SDSL: Succinct Data Structure Library

This is a C++ template library for succinct data structures called sdsl.

Succinct data structures are fascinating: They represent an object (like a bitvector, a tree, suffix array,...) in space close the information-theoretic lower bound of the object but the defined operations can still be performed efficiently. Hmmm, at least in theory ;) Actually there is still a big gap between theory and practice. Why? The time complexity of an operations performed on the classical fat data structure and the slim succinct data structure are the same most time in theory. However, in practice succinct structures are slow since the operations require often memory accesses with bad locality of references. Moreover, often the in theory small sub-linear space data structures account for a large amount of memory, since they are only asymptotic sub-linear and the input size for which they are negligible in practice is galactic.

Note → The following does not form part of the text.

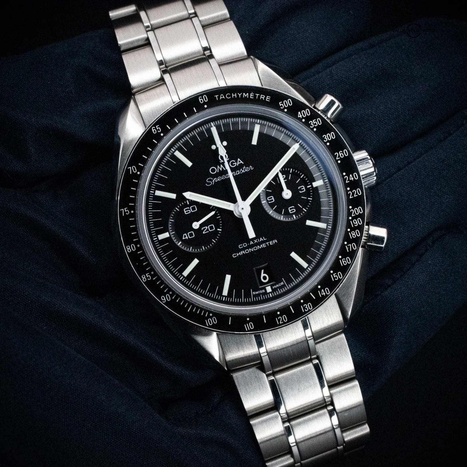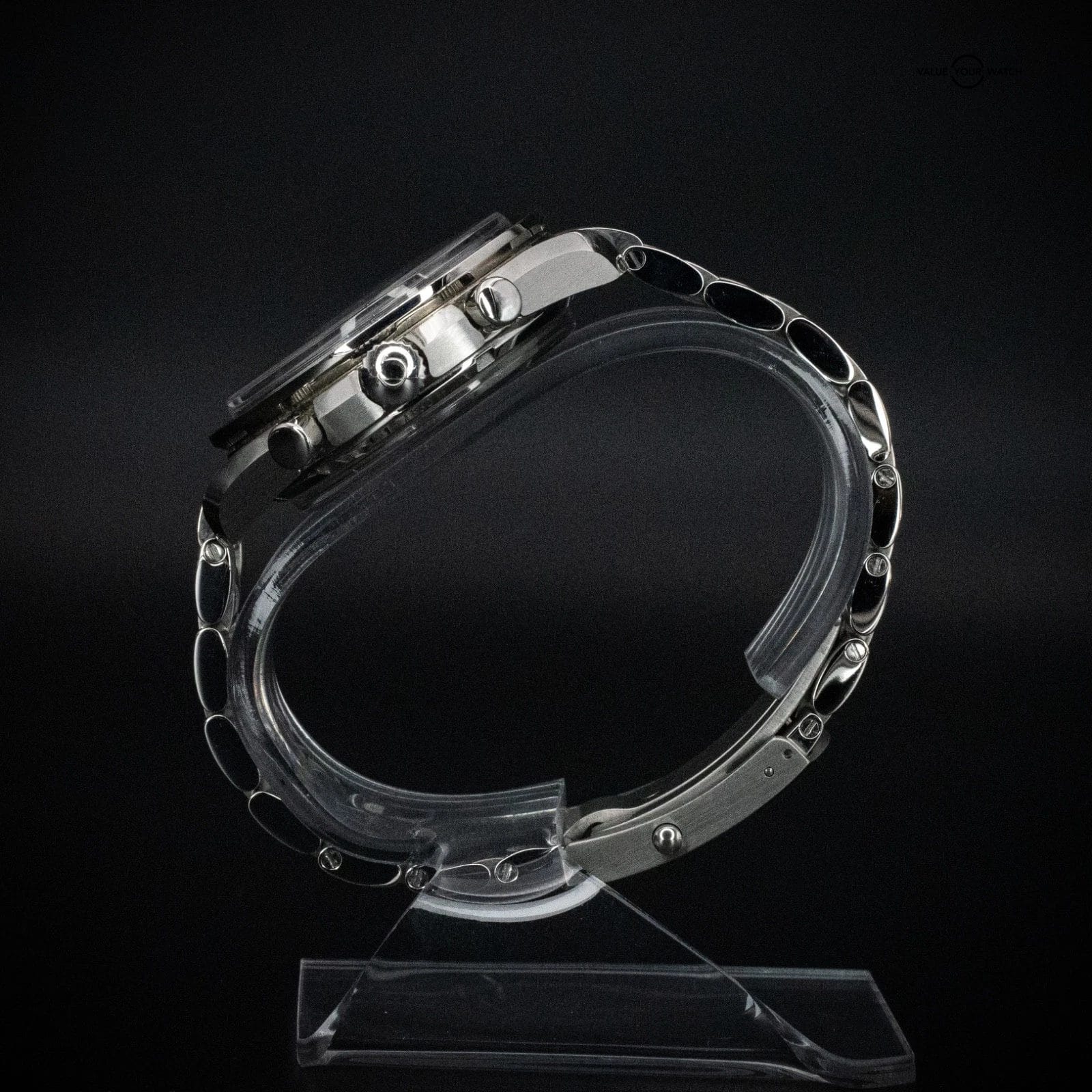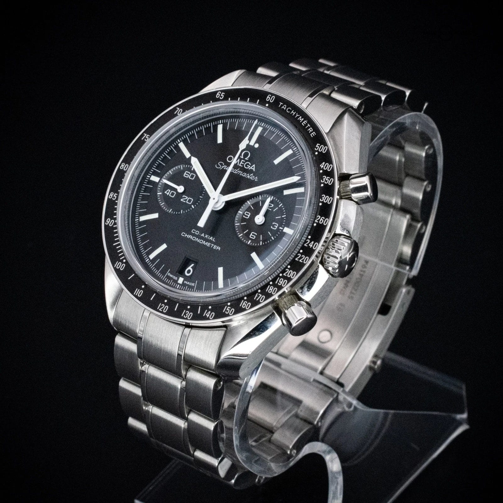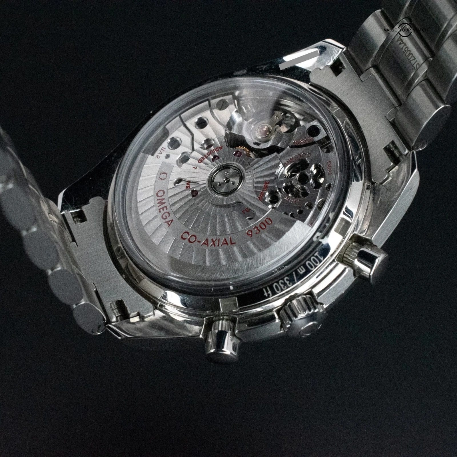 The Speedmaster Two Counters is recognized for its clean two-register layout and use of the Omega Caliber 9300, a column wheel chronograph with Co-Axial escapement developed entirely in-house. The larger 44.25mm case provides strong wrist presence while maintaining legibility and balance. This reference is well regarded for its robust construction, modern movement architecture, and everyday wearability on the steel bracelet.

The aim of the library is to provide basic and complex succinct data structure which are

  • easy to use (the library is structure like the STL, which provides classical data structures),
  • capable of handling large inputs (yes, we support 64-bit),
  • provide excellent performance in construction, and
  • provide excellent operation performance

A lot of engineering tricks had to be applied to reach the performance goal, for instance the use a semi-external algorithm, bit-parallelism on 64-bit words, and cache-friendly algorithms.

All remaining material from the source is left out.